Auf der Internationalen Luftfahrtausstellung in Berlin stellte Deutschland u.a. zwei Satelliten vor, auf denen neue Technologien für geodätische Missionen und zur Wetterbeobachtung zum Einsatz kommen. TanDem-X ist ein Satellit, der innerhalb von zweieinhalb Jahren die gesamte Erdoberfläche mit einer Genauigkeit von 2 m kartographisch erfassen soll. Dies wird durch die deutsche SAR-Radartechnik ermöglicht, die bei jedem Wetter und bei allen Lichtverhältnissen einsetzbar ist. Die erfaßten Daten können dann dazu genutzt werden, mit Hilfe spezieller Satellitenmissionen Mineral- und Wasservorkommen und andere Dinge zu erfassen, die z.B. für die Landwirtschaft wichtig sind.

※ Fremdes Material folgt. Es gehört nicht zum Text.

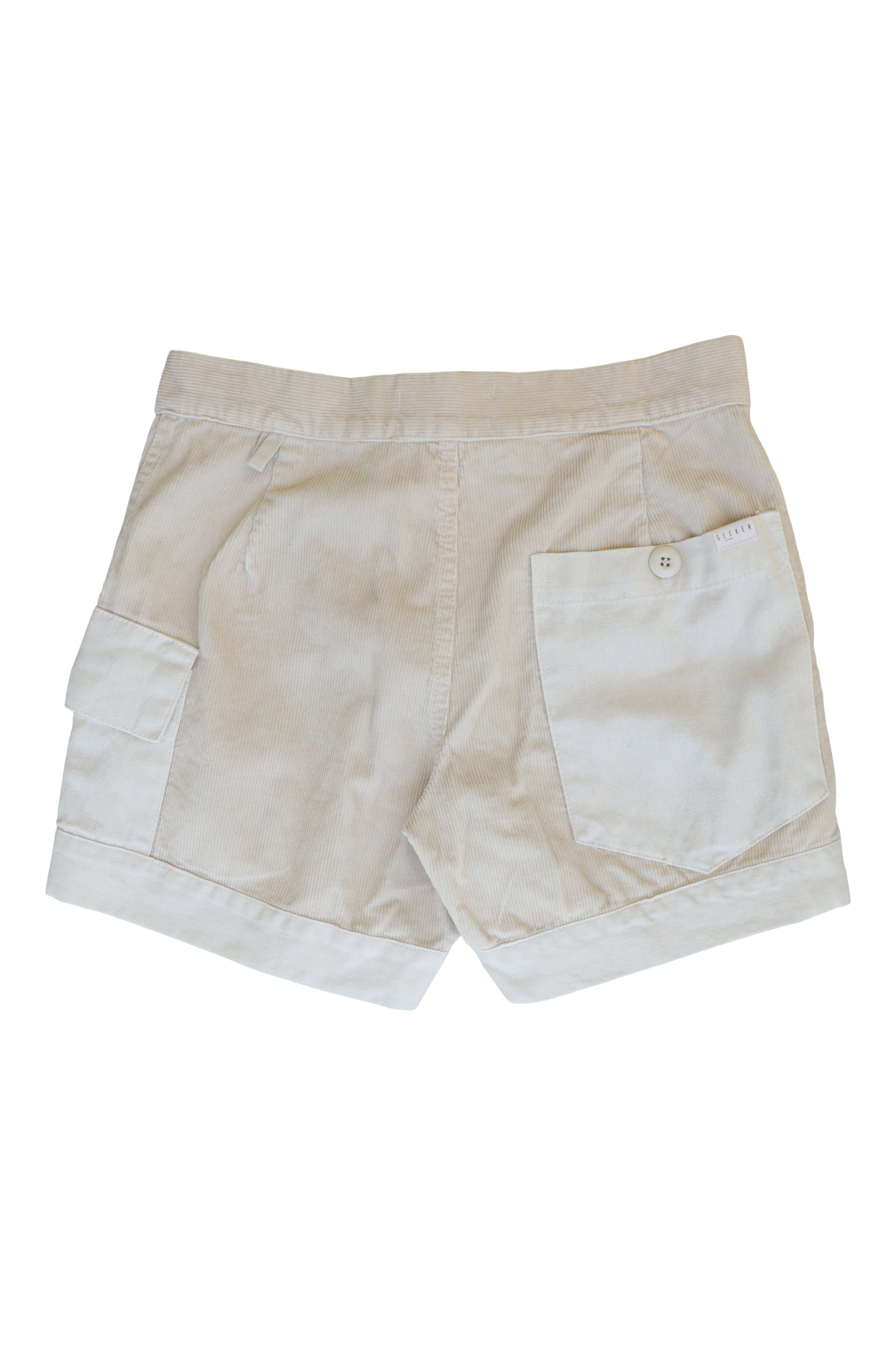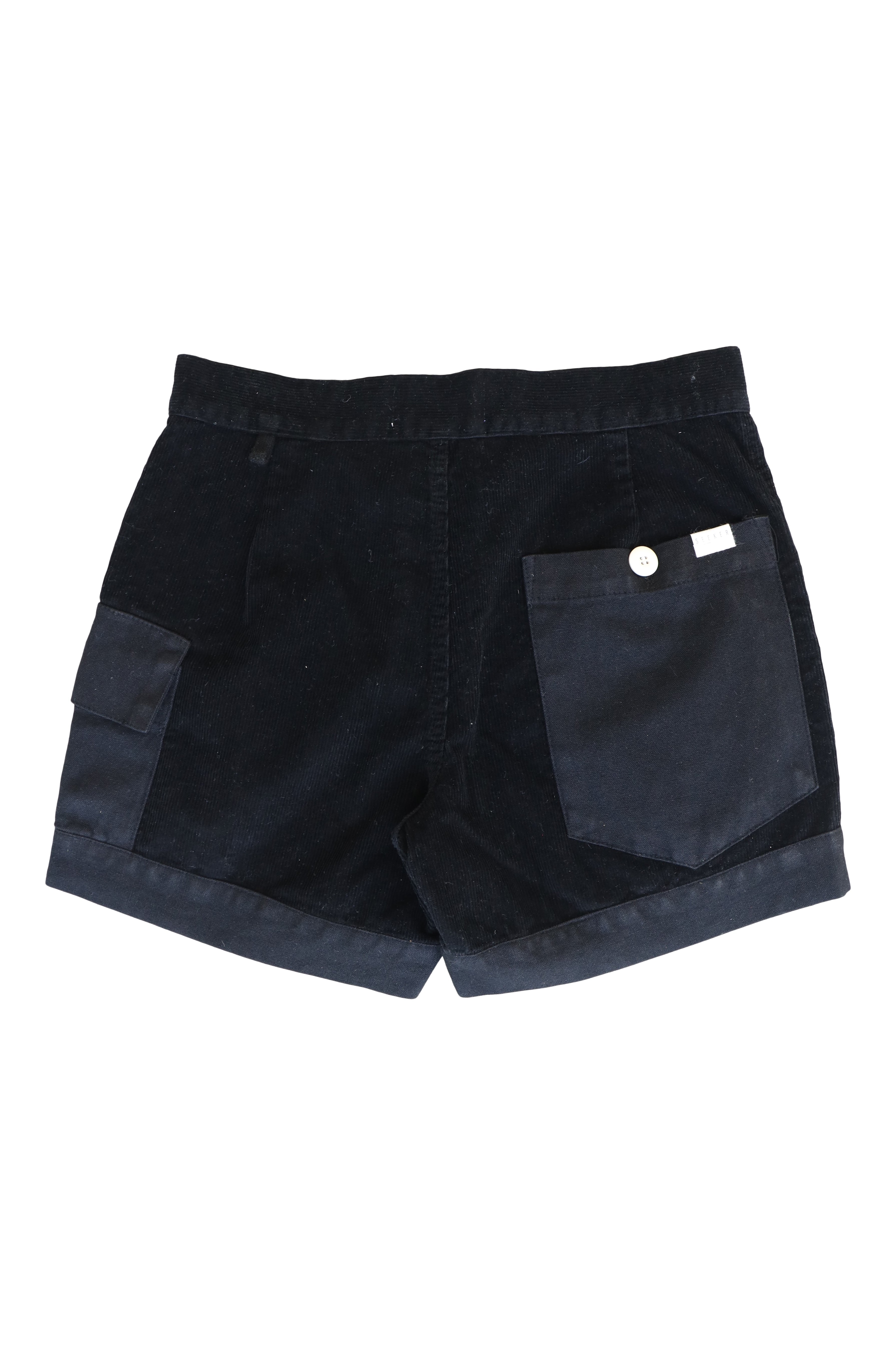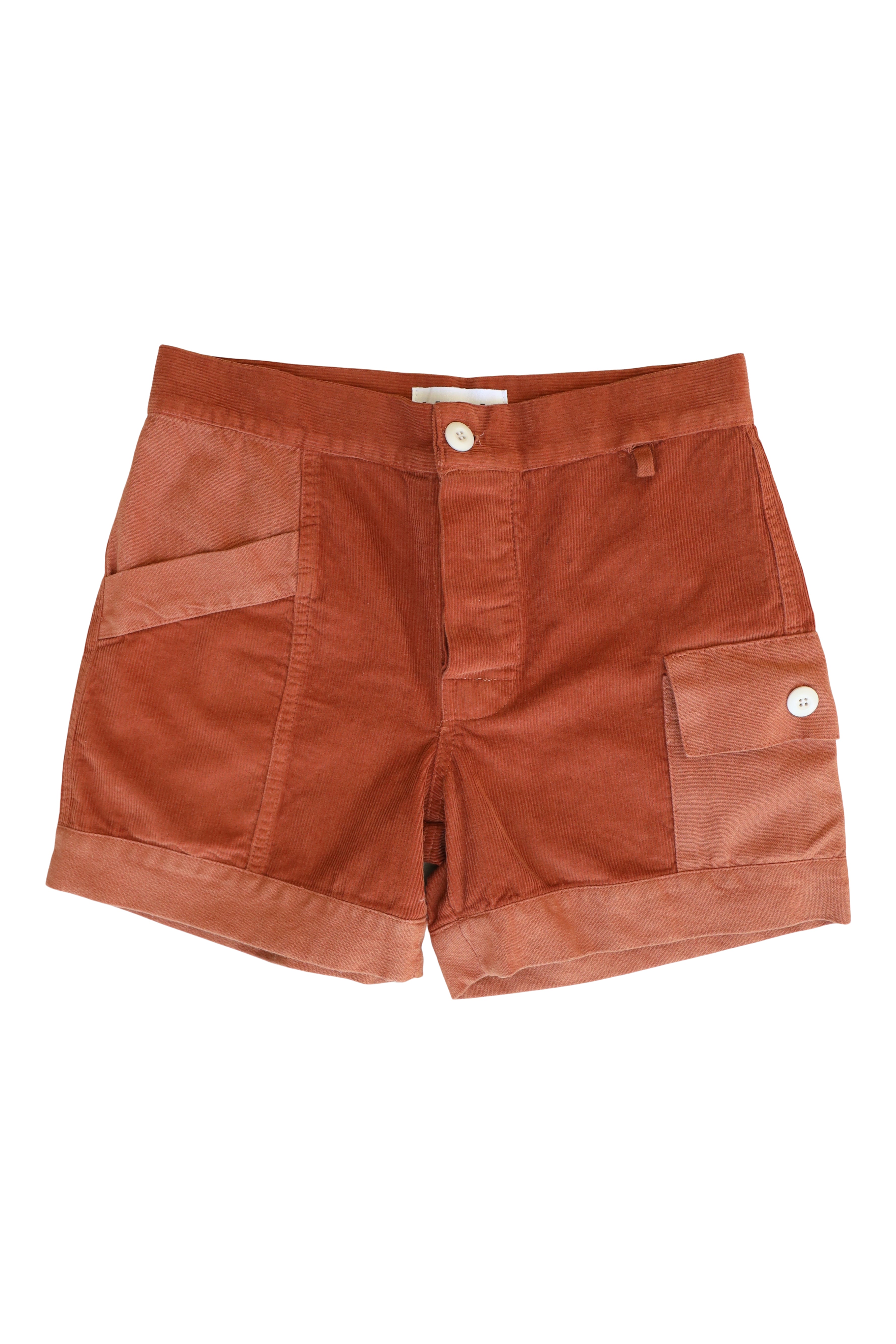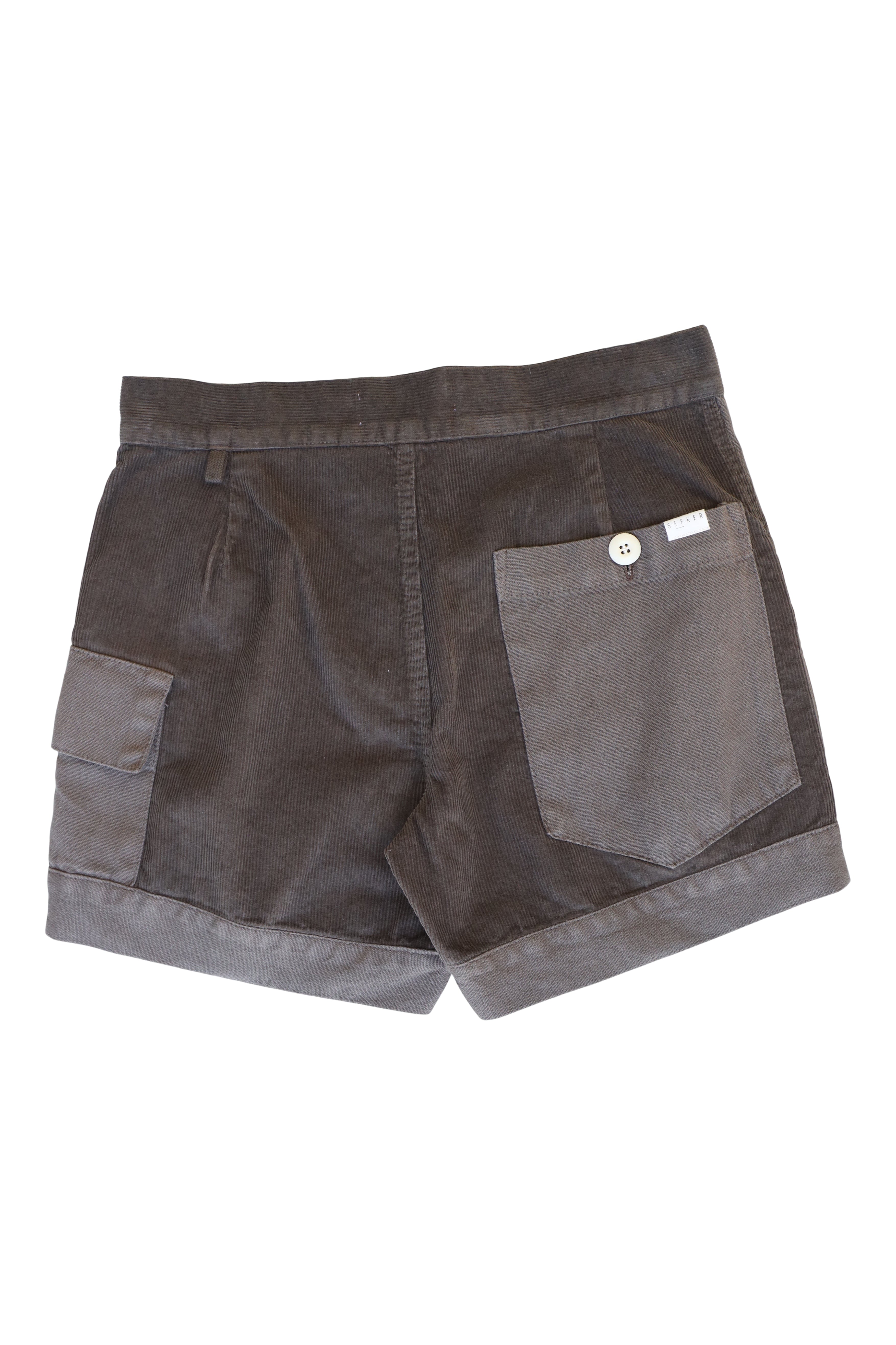 Unisex, organic, sustainably-sourced hemp-cotton blend, lightweight washed canvas Trek Short with contrast corduroy patchwork.

Im Rahmen der Internationalen Luftfahrtausstellung stellte Nikolai Sevastjanow, Chef des Raumfahrtunternehmens Energija, das den gleichnamigen russischen Raumtransporter produziert, am 18. Mai ein Konzept zur industriellen Förderung von Helium-3 auf dem Mond vor, um die künftige Energieversorgung der Erde zu sichern. Helium-3, von dem es auf dem Mond reiche Vorkommen gibt, könnte durch den Einsatz in künftigen Hochtemperatur- und Fusionsreaktoren Öl und Gas als Energieträger ablösen und wäre eine weit effizientere Energiequelle.
Der Bau einer permanenten Basis auf dem Mond würde in zwei Schritten vollzogen. Die erste Stufe würde etwa 2 Mrd. Dollar kosten und könnte 2010-15 beginnen. Dabei kämen die schon vorhandenen Raumfahrzeuge Sojus und Proton zum Einsatz. "Der russische Anteil am Komplex der Internationalen Raumstation ISS könnte als Montageort eines interorbitalen Raumschiffkomplexes dienen, der zum Mond entsandt wird", erklärte Sevastjanow. In der zweiten Phase (2015-20) würde dann ein permanentes Raumtransportsystem geschaffen, das Menschen und Material vom und zum Mond transportiert. Dazu wäre ein bemannter, wiederverwendbarer Transporter vom Typ Kliper - die russische Version des Space Shuttle - notwendig, der gegenwärtig entwickelt wird, sowie interorbitale Schlepper, die mit Flüssigtreibstoff angetrieben werden.